James then went on to delve into three major themes Warhol tried to address in his works—“an investigation of the process of being photographed and of being made the object of film; the construction and fragmentation of artificial selves by means of roles appropriated from film history or metaphorically related in some other way to Hollywood; the representation of exhibitionism and spectatorship in the narratives of feature films which themselves approach Hollywood’s formal and economic terrain” and analyzed how these themes manifested in various Warhol’s famous works such as The Chelsea Girls (1966, Warhol)(James, 68).  

I perceive this article as an introductory, expository essay on Andy Warhol as James wrote in a relatively loose structure. The major takeaway for me is that different from lots of experimental filmmakers, Warhol didn’t resist mainstream art/cinema—in fact, he embraced the idea of commodity and popularity and often mingled them with his works. My questions arising from this article are: (1) James mentioned that Warhol began to delegate a substantial portion of responsibility to others in the production of some late films (James, 64). Wouldn’t this be in contrast with Camper’s idea that “an experimental film is created by one person, or occasionally a small group collectively” (Camper, 2)? What were some responses from the underground filmmaker community? (2) James described Warhol’s cinema as “his is thus a meta-cinema, an inquiry into the mechanisms of the inscription of the individual into the apparatus and into the way such inscription has been historically organized” (James, 68). How should we interpret the sentence?

Week 6 Searcher Post

The online resource I found is an interview with Kenneth Anger from 1980, right before the wide-scale distribution of his latest film, Lucifer Rising (Anger, 1972). The interview was conducted by A.L. Bardach, a respected journalist and non-fiction author. While their discussion spans from topics of Anger’s origins in the world of filmmaking to his rocky experiences with drugs, there are multiple sections that relate to and reflect some of the themes of Scorpio Rising (Anger, 1963). 

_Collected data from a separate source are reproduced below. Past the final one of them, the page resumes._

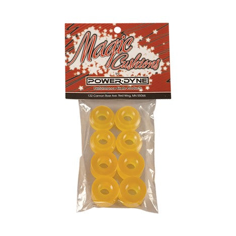 Unique to PowerDyne Magic Cushions is the Power Assist formula for total performance. Made from high-quality urethane, Magic Cushions (also referred to as "bushings") retain energy and release it when you need it most. Just like shocks on a car, Magic Cushions soak up the imperfections of the surface, keep you connected to the road ahead through enhanced feedback, load up when pressed to the limit, and then release your stored power in a forceful yet predictable manner. Available in four colors/hardnesses, they are the most responsive cushions available for your skating skills.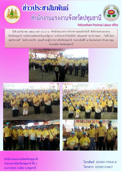 วันที่ 15 ธันวาคม 2561 เวลา 06.00 น. หัวหน้าส่วนราชการ ข้าราชการและเจ้าหน้าที่ สังกัดกระทรวงแรงงาน จังหวัดปทุมธานี ร่วมกิจกรรมจิตอาสาในนามรัฐบาล “เราทำความ ดี ด้วยหัวใจ” เดินรณรงค์ “คน รัก คลอง”… “ไม่ทิ้ง ไม่เท ทุ่ม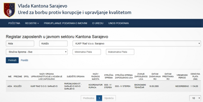 Mjesečna plata Koldžine supruge, kao „koordinatora kupaca“, je 1.130 KM.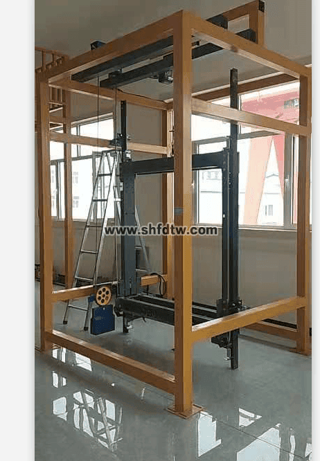 要求考核平臺(tái)能夠通過電動(dòng)控制操作,演示限速器動(dòng)作后帶動(dòng)安全鉗動(dòng)作將轎廂制動(dòng)在導(dǎo)軌上的動(dòng)作全過程,限速器安全鉗要求采用真實(shí)電梯的標(biāo)準(zhǔn)部件,安裝過程及動(dòng)作過程與真實(shí)電梯一致,采用電動(dòng)提升機(jī)構(gòu)帶動(dòng)轎廂框架提升到一定高度后,自由落體完成整體動(dòng)作過程,學(xué)員可以了解安全鉗的基本結(jié)構(gòu)、動(dòng)作原理,練習(xí)安全鉗的安裝和調(diào)整等實(shí)訓(xùn)。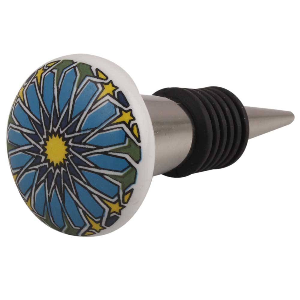 Turquoise Ceramic Flat Wine Stopper.zinc alloy wine bottle stopper with attractive Jute Bag Packaging.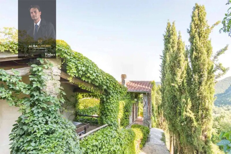 This extraordinary property is a complex of villas with six bedrooms, situated in a dominant position atop a hill, offering enchanting views of the surrounding hills, completely immersed in nature. The property was renovated in 2020, retaining its rustic touch to preserve its unique charm. Authentic stone works, the outdoor fireplace in the atrium, and exposed beams blend perfectly with the wooden floors. The main villa can accommodate up to 8 people in 4 luxuriously furnished suites. The ground floor features a cozy entrance with a fireplace and a sitting area with two sofas, along with a guest bathroom. A spacious open living area, complete with a fireplace and direct access to the outdoors, overlooks a dining area that can seat 10 people. The fully equipped kitchen completes the ground floor. The first floor of the main villa comprises two double bedrooms, each with a private bathroom with a shower. Two additional bathrooms are available on this floor. The lower floor, accessible via an external entrance, offers two more double bedrooms with private bathrooms and valley views. The guesthouse, with two double suites, provides accommodation for another 4 people. Both rooms have private bathrooms with showers. For relaxation and entertainment, the property offers a spacious studio with a ping pong table, lounge area, foosball table, and a variety of board games. A quick climb to the tower bar offers spectacular views of the surrounding landscape. Outside, you'll find a private uncovered parking for up to 5 cars, a saltwater pool with sun loungers, and a bathroom with shower near the pool. The 500 sqm garden boasts an outdoor dining area with 12 seats and an outdoor kitchen with a pizza oven and barbecue. The property is surrounded by a wild forest and offers a variety of fruit trees, including plum, pomegranate, kiwi, and lime,.

At one point in the interview, Anger explained that he viewed Scorpio Rising as a documentary. He stated, “I was filming a phenomenon that happened. I didn’t direct the phenomenon. I didn’t add anything to the scene that was not there already. The only thing I did was add my participation with the camera” (Bardach, 1980). This is a fascinating quote, but I am unsure whether or not I entirely agree with it. It might be true that Anger filmed the lives of the bikers without interfering or exerting creative control over their actions. However, one can’t deny that the filmmaker’s editing of the film (along with the inclusion of music and archival footage) recontextualizes the meanings of the documentary footage. On the other hand, it could be argued that Anger is correct in his claim that Scorpio Rising is a documentary. If the footage truly was captured without his adding anything to the scene, then who is to deny its documentary status? Though the editing and soundtrack might offer a new frame of interpreting the footage, isn’t this the case with most of the media we consume? The final film might not present the “true” lives of the bikers, but one could argue that it captures the deeper truth of America in the early 1960s, that of a rapid expansion of mass media and a growing conformity to the iconographies within popular culture. 

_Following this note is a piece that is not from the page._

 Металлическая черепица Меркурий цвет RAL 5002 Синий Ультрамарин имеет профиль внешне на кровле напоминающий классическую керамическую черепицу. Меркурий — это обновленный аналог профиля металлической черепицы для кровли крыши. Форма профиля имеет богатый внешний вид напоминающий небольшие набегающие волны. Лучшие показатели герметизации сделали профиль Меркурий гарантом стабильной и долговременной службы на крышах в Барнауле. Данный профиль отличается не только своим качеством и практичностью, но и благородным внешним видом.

Another interesting section of the interview was Anger’s harsh opinions on friendship. According to the filmmaker, “Friendship is something that I feel very strongly about because it’s a swamp. I see more people disappear with just a few little bubbles over so-called friendships. Jesus Christ learned about friends. I work alone. I’m independent” (Bardach, 1980). This quote relates to Scorpio Rising’s depiction of the dangers of collectivism and conformity to an icon or group. As we discussed in class, the film seems to assert that complete individualism is the only way for our society to avoid destruction, and it is fascinating to learn that Anger actually practiced what he preached. I find it interesting to consider whether Anger’s hate of collectivism stemmed from his inability to foster friendships/relationships with others or whether he rejected friendship due to his distrust of collectivism. 

Week 6: Viewer Blogging

Prelude: Dog Star Man (Stan Brakhage, 1961, USA)

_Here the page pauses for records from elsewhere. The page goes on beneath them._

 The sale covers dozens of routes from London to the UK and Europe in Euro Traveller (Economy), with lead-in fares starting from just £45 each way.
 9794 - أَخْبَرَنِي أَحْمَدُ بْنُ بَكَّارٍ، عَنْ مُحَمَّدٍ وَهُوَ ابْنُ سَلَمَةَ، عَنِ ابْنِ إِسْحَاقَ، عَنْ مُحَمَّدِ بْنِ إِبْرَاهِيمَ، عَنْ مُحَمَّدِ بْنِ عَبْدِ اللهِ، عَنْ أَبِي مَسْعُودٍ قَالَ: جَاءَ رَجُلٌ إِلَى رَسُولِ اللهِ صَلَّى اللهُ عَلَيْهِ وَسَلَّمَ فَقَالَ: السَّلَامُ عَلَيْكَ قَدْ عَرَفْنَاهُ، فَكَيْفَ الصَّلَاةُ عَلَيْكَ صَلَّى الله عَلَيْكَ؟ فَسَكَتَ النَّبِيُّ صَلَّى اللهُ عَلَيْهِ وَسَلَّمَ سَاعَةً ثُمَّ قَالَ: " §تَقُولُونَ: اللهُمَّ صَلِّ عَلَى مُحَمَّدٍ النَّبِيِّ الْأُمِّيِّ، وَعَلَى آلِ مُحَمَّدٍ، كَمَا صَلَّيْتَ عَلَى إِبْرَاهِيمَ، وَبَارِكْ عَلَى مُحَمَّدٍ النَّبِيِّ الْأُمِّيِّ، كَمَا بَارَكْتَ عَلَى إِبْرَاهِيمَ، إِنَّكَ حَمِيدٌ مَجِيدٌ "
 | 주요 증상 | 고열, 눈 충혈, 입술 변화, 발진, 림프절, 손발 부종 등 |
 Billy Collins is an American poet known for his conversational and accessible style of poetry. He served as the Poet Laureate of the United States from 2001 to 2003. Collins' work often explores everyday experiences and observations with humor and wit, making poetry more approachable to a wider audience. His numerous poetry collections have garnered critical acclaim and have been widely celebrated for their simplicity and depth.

Viewing Dog Star Man was quite an intriguing experience as I observed myself transition from complete confusion to a gradual appreciation as I shifted my focus from making meanings out of each frame to the extensiveness of the visual elements of this film. The film is heavily edited at an extremely rapid pace, making it free from the confines of traditional narrative cinema. Almost every frame is constructed with superimposition so viewers are saturated with massive information at all times. Such a design conjures a sense of hallucination, chaos, and enigma. While I was not able to identify a coherent logic throughout the piece, certain intentional repetitions in the content were rather apparent. First and the most obvious one, the images of the moon and the sun (3:10-3:14, 5:09-5:12, 7:42-7:44) which directly correspond to the theme star from its title. Secondly, the footage of the forest (11:49-12:04) which is often distorted and diluted in color. Third, a bloody, pulsating heart (14:31-14:34). Lastly, the nude female body (10:41). In addition, Brakhage also included hand-painted, tinted shapes and lines that almost served as the transition between these diverse elements.  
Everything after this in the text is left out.